3:02 pm - Sunday August 20, 2017

Investigation leads to changes at the state toxicology lab

As a result of an independent personnel investigation at the Colorado Department of Public Health and Environment’s toxicology laboratory, staff training is being revised and an interim manager has been assigned for toxicology lab operations.

The department contracted with Mountain States Employers Council in March to conduct an investigation and provide recommendations. Its investigation report was provided to the department March 18.

Department Executive Director and Chief Medical Officer Chris Urbina said, “We have been working with the Attorney General’s Office continuously on this issue. The early advice was consistent with our recommendation that this was a personnel issue and therefore protected information. As more information became available the AG’s advice changed and it has released the investigation report with employee names redacted. We followed and accepted the legal advice.”

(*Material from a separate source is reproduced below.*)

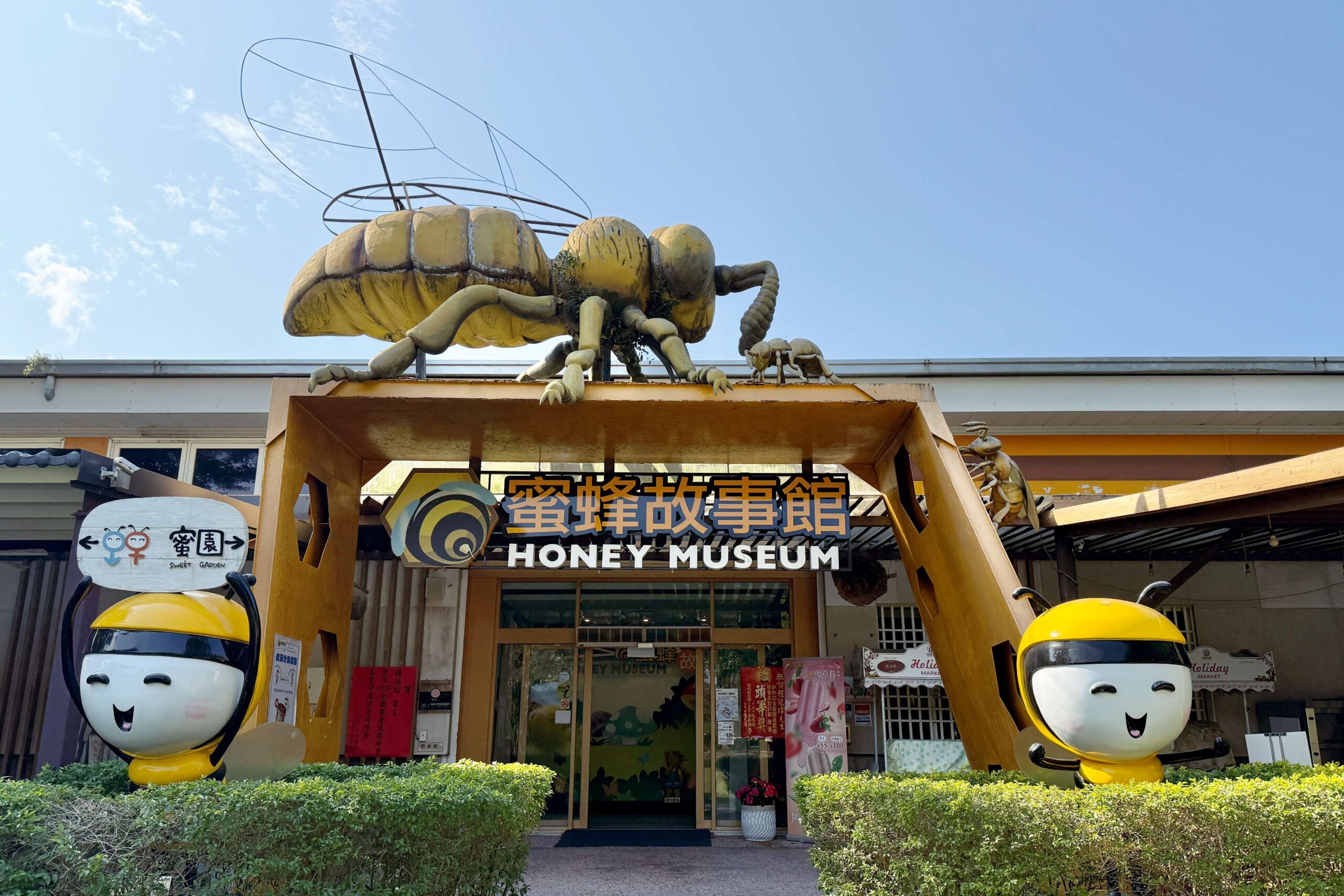 蜜蜂故事館位於古坑綠色隧道的起點,門口設有免費停車場,還沒走進園區,就先被可愛的蜜蜂公仔給融化。

The state toxicology lab conducts blood-alcohol testing for law enforcement agencies when “driving under the influence” is suspected, and a blood sample is sent to the lab. The lab’s test results are provided to the law enforcement agency, and a second sample of the blood is provided for the individual whose blood was sampled, thus providing the individual the opportunity to have the blood sample re-tested by an independent lab.

Among the findings of the investigation, Mountain States Employers Council found the following:

  1. Lack of security of the blood-alcohol samples in an unlocked refrigerator:  Locks were placed on the refrigerators in March. Access is limited to unit staff. There are four levels of locks between the front door and the samples. The samples have tamper seals on them.
  2. Staff training inadequate:  A complete review of all staff training was completed including a review of training standards, training records and standard operating procedures. Training by a competency-assessed analyst is in use.  Staff competency is assessed after training and annually thereafter.
  3. Unit understaffed:  The department is in the process of hiring a new manager for the toxicology lab. The job was posted May 22, and applications were accepted through June 5. The new manager will evaluate the workflow in the lab and optimize daily activities to improve sampling turnaround time.
  4. Staff not adequately trained to provide court testimony:  All appropriate staff members have attended (or are scheduled to attend) training.  All staff had training sessions and mock court, conducted by Chris Halsor of the Colorado District Attorneys Council May 10.  Additional training will be scheduled.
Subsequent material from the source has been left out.